I haven't been able to reproduce the issue just by visiting my site, but I'd like to know what's going on.

You have ModSecurity installed in your Apache which is a WAF which attempts to protect your website from attacks, bots and the like. These, like email spam are part and parcel of running a website now a days unfortunately.
ModSecurity is an add on module to Apache which allows you to define rules and then it runs each request against those rules and decides whether to block the request or not.
In this case a rule (900165, which is defined in file "/usr/local/apache/conf/mod_sec/mod_sec.hg.con) has decided to block this request with a 406 status based on the user agent (AhrefsBot).
Ahref is a website which crawls the web trying to build up a database of links. It's used by SEO people to see who links to your websites (back links are very important to SEO) as Google (who you think would be better providers of this type of information) only give samples of links rather than full listing.
Is AhrefBot a danger and should it be blocked? Well that's a matter of opinion. Assuming it's really AhrefBot (some nefarious bots might pretend to be it so as to look legitimate so check the IP address to see the hostname it came from), then it's probably wasting your resources without doing you much good. On the other hand this is the price of an open web. Your website is available to the public and so also to those that write bots and tools (good or bad).
Why does it return a 406? Well that's how your ModSecurity and/or your rule is defined. Check your Apache config. 406 is a little unusual as would normally expect a 403 (access denied) or 500 (internal server error).
What's the 406.shtml file? That I don't get. A .shtml is a HTML file which also allows server side includes to embed other files and code into an HTML file. They are not used much any more to be honest as the likes of PHP and/or other languages are more common. It could be an attack: I.e. someone's attempting to upload the 406.shtml file and then cause it to be called so it "executes" and includes the contents of the file, potentially giving access to files Apache can see which are not available on the webserver, or the user has requested that (for some reason) or Apache is configured to show that for 406 errors or the ModSecurity rule is redirecting to that file.
Hopefully that gives a good bit of background, and best thing I can suggest is to go through your Apache config file, and any other config files it loads (including mod_sec.hg.con file which it must load) to fully understand your set up and the. Decide if you need to do anything here.
You could do one of several things:
Leave as is. ModSecurity is doing what it was told to do and blocking this with a 406
Turn off this rule and allow AhrefRef through so you don't get alerted by this.
Alter the ModSecurity config/rule to return an error other than 406 so you can ignore it
Turn off ModSecurity completely. I think it is a good tool and worthwhile but does take some time and effort to get most out of it.
Set up the 406 error page properly. To do that you need to understand why it's attempting to return 406.shtml at the moment.
Also not sure which of these options are available to you as you are on a shared host and might not have full access. If so speak to your hosting provider for advice.

Related

Django add exemption to Same Origin Policy (only for one site)
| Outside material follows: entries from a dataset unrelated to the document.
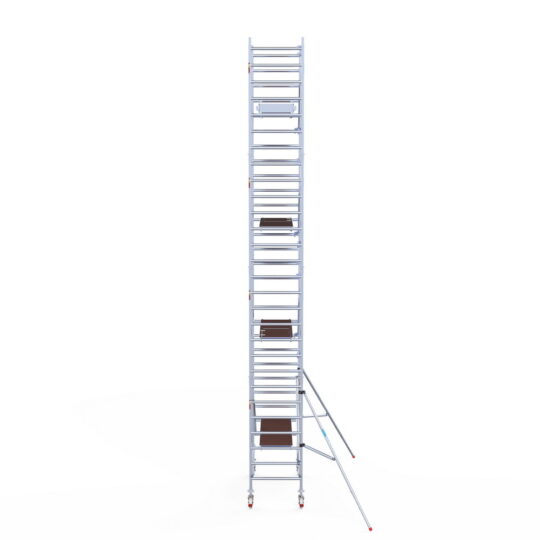 190 cm: Dit is de kleinste standaardmaat voor rolsteigers. Uitzonderingen zijn extra compacte kamersteigers of 1-persoonssteigers, die vaak platformlengtes van 120, 140 of 165 cm hebben. De 190 cm-variant wordt veel gebruikt bij kamersteigers en biedt voldoende ruimte om alleen comfortabel te werken.
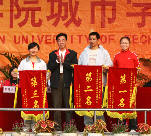 为期两天的城市学院2007年田径运动会12月1日胜利闭幕。下午5时,运动会在田径场举行了隆重的闭幕式。出席闭幕式的领导和嘉宾有:东莞理工学院副院长、城市学院院长安少华教授,城市学院党政领导朱志德、程发良、朱冰、张林,院督学林世俊教授,各系部负责人以及广东太阳神饮用水有限公司东莞分公司经理助理、校友袁月英女士。
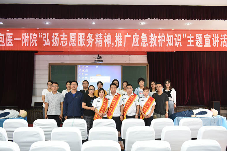 为深入推进“两学一做”学习教育,强化校园应急救护安全知识普及,2017年8月29日,我院组织急诊医学科护理工作者会同党委办公室志愿者一行6人走进包头市东河区铁路一中开展以“弘扬志愿服务精神,推广应急救护知识”为主题的志愿宣讲活动。全校教职工近150人参加此次活动。
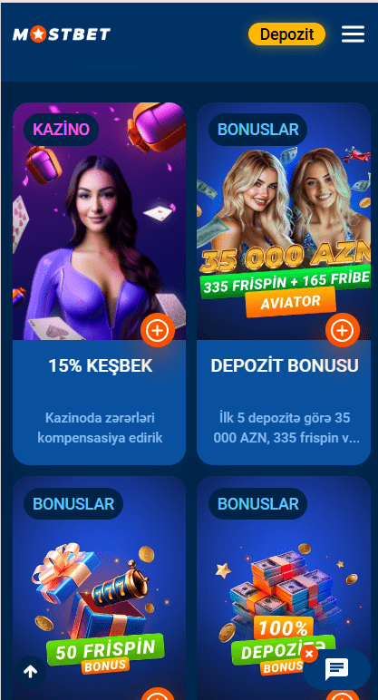 - İlk depozit bonusu: Yeni oyunçular 800 AZN ilk depozit bonusu alır, həmçinin əlavə olaraq depozit olmayan fırlatma və ya fribetlər hədiyyə edilir, bu da oyunçulara dərhal sərfəli başlamağa imkan verir;
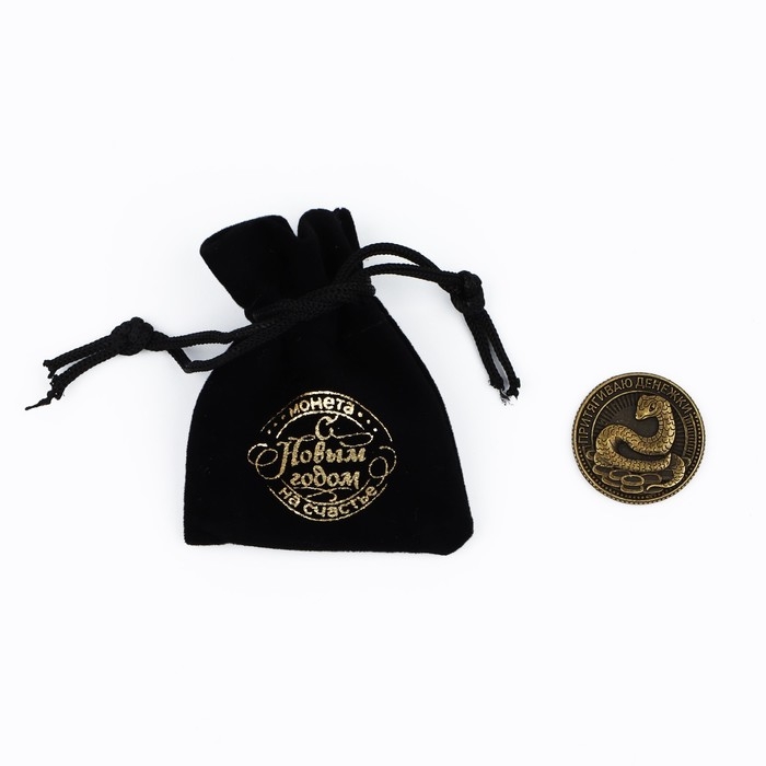 Монета в мешочке новогодняя «Притягиваю денежки» на Новый год, диам. 2.5 см
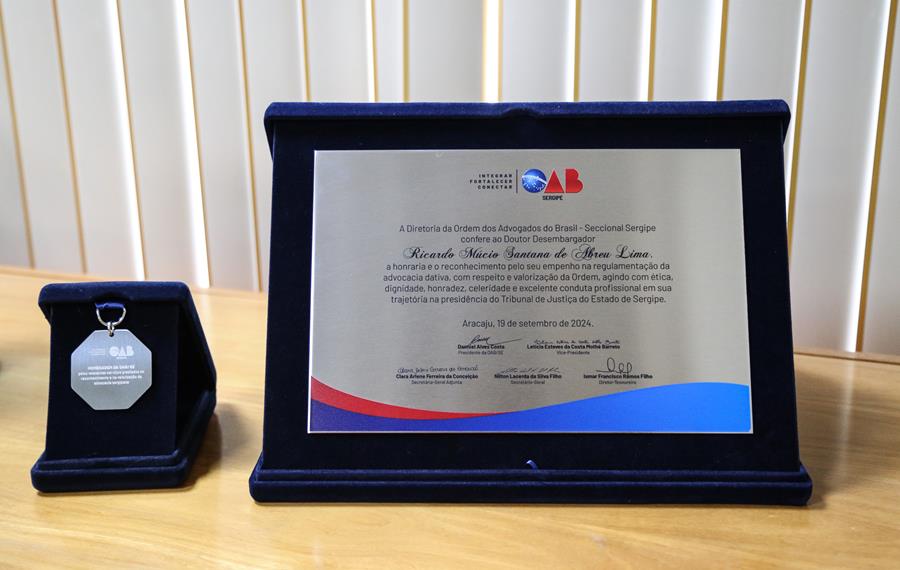 A OAB Sergipe entregou ao presidente do TJSE um certificado e uma medalha, em reconhecimento ao empenho na regulamentação da advocacia dativa. O certificado ressaltou "o respeito e valorização da Ordem, agindo com ética, dignidade, honradez, celeridade e excelente conduta profissional em sua trajetória na presidência do Tribunal de Justiça".
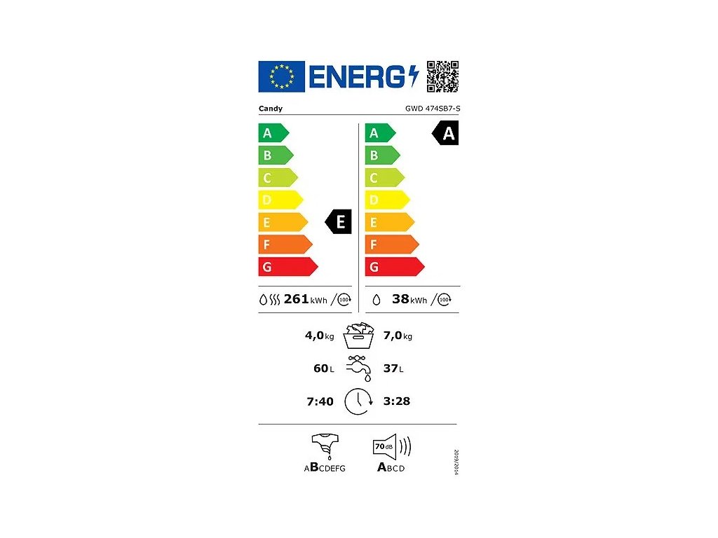 | Energetická třída (praní + sušení / praní) | E / A |

I am getting errors thrown from google.g.doubleclick.net when I try to load google ads on my site through plain html.
Blocked a frame with origin "https://googleads.g.doubleclick.net" from accessing a frame with origin "https://example.com". Protocols, domains, and ports must match.
Oddly enough I have a section of my site where I add some ads through javascript and that section does not throw any errors.
I read about adding a crossdomain.xml to the site root and I tried that (and also serving it with NGINX and that does not work either...
Is there any way to add an exception to django's CSRF rules, or any other way to get around this? It is driving me nuts. This error is only thrown in safari (only tried safari and chrome) but it adds a LOT to the data transfer for loading the page and I do not want things to be slowed down.
This has nothing to do with CSRF, but rather this has to do with the same origin policy security restriction which you can fix by implementing CORS and sending the appropriate headers.
You can use django-cors-headers to help with this.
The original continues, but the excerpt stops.